I wholeheartedly support making random people's days just a little bit wierder.

Why? What makes weirdness an inherent good? Why not make random people's days better if you must meddle?
posted by enn at 8:11 PM on August 3, 2010 [1 favorite]


I hope the next FPP is about cheese cause it'd go great with all this whine.
posted by inigo2 at 8:11 PM on August 3, 2010 [7 favorites]


I'm not feeling the hate here. The newest Improv Everywhere skit is just brilliant social satire. I mean, who else would have the balls to open a mosque 2 blocks north of the WTC site? That shit is comedy gold.
posted by felix betachat at 8:25 PM on August 3, 2010 [10 favorites]


I mean, who else would have the balls to open a mosque 2 blocks north of the WTC site? That shit is comedy gold.

I know, right? And the one before that, the Collateral Murder stunt? Genius!
posted by item at 9:06 PM on August 3, 2010


Weirdness is an inherent good because it provides a break from the monotony and drudgery that so many of us hoped to avoid when we moved to New York. It reminds us that there is a world outside the "get crushed and make money for your bosses" mentality that is so much of the available work these days. Moreover, we can be part of that break, and it's easy. There are people who want us to join them.

Plus, when I my work does take me to midtown, I sure would appreciate not having to push through a sea of tourists to get where I'm going.
posted by Jon_Evil at 9:42 PM on August 3, 2010 [3 favorites]


I wholeheartedly support making random people's days just a little bit wierder.

It might be the many generations of dour New England Protestant in me, but I just want to be left the hell alone. Leaving the house should not obligate one to run some Trustafarian's obstacle course.
posted by Mayor Curley at 9:52 PM on August 3, 2010 [7 favorites]


Though I more or less agree with you not only is 'trustafarian' a pretty damn dated term but I fail to see how the IE folks would even fall into that category - at least by the content of their videos.
posted by item at 10:03 PM on August 3, 2010


I feel disappointed that this thing is not another thing.
posted by clockzero at 10:09 PM on August 3, 2010


I LIKED IMPROV EVERYWHERE BEFORE THEY GOT BIG.

I MAKE MY OWN IMPROV AT HOME.
posted by Kutsuwamushi at 11:00 PM on August 3, 2010 [1 favorite]


It's harmless, amusing street-level performance art you can just wander into.

It's bullying and tormenting innocent and unsuspecting strangers for your own amusement. Sufficiently advanced Improv Everywhere is indistinguishable from the sociopathic personality disorder.
posted by Slithy_Tove at 11:19 PM on August 3, 2010 [5 favorites]


I don't get the haters

I think it boils down to this:

Fuck you. Leave me alone.
posted by Civil_Disobedient at 11:21 PM on August 3, 2010 [3 favorites]

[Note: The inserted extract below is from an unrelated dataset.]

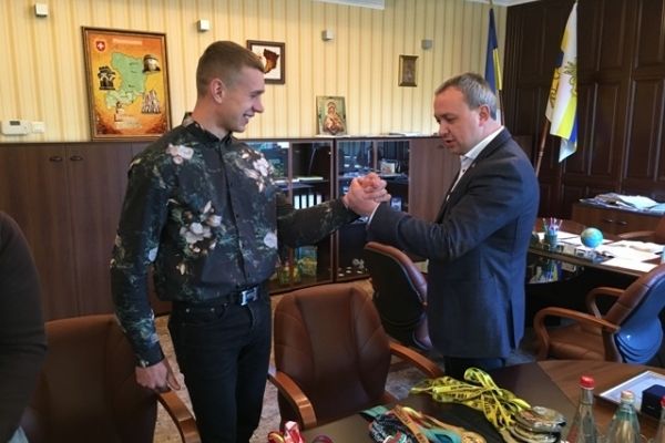 Під час зустрічі керівник області вручив видатному спортсмену сертифікат на одноразову грошову винагороду на суму 16 тисяч гривень та цінний подарунок – годинник облдержадміністрації.

One for the Improv Everywhere haters: a similar hoax campaign was done in London. Ten years ago.

Fast forward to a fortnight ago and it's actually being discussed seriously.
posted by MuffinMan at 12:40 AM on August 4, 2010


"I'M WALKIN' HERE!"
posted by bwg at 12:43 AM on August 4, 2010


I think it boils down to this:

Fuck you. Leave me alone.


yep. That's about right.

I live in New York, and it's always a trial to get from point A to point B. Time to rest, time to think, and time to decompress can be hard to come by and is therefore precious. That's why when I go to the library I don't want to run into a bunch of assholes dressed as the Ghostbusters, ostensibly "protesting library cutbacks" but making no real statement whatsoever. And why I don't want to run into a re-enactment of Star Wars on my evening commute. And why, in a city that is already sometimes very unpleasantly crowded, I don't want to be part of their "funny" tourist lanes.

The commute in New York is not like a driving commute for a lot of people. You are not in a hermetically sealed box where you can flip on the stereo and bliss out. Especially for people who have to change trains there's a lot of sitting and standing and waiting in sweltering subway stations and being pressed up against sweaty people for 20 minutes after waiting in said stations and 10 minute walks on either side of the subway. In the best of those circumstances, you might be in a position where you can pull out a magazine and read.

I don't have a problem with subway buskers, really. I give pretty much any time someone's performing on my train. They're just trying to make some scratch, and they make no pretenses about their performances, which can be really very entertaining. But the thought of having to endure these simpering shit heels does not make me happy. More than one person in referring to their This American Life appearance points out simply refuse to acknowledge that their little tricks aren't a delight for everyone who unwittingly walks into them, and despite overwhelming evidence to the contrary, they continue to perform these 'missions.'

As for the sanctity of the commute, which so many of us wish to preserve? The city's about to put an end to all of that.
posted by orville sash at 12:57 AM on August 4, 2010 [1 favorite]


I wholeheartedly support tourist lanes. A sidewalk is a lane of traffic. LET'S KEEP IT MOVING, PEOPLE
posted by Eumachia L F at 1:24 AM on August 4, 2010 [1 favorite]


Yeah, how dare they fucking have a little fun! NYC is serious business, sirs!

I wholeheartedly support making random people's days just a little bit wierder.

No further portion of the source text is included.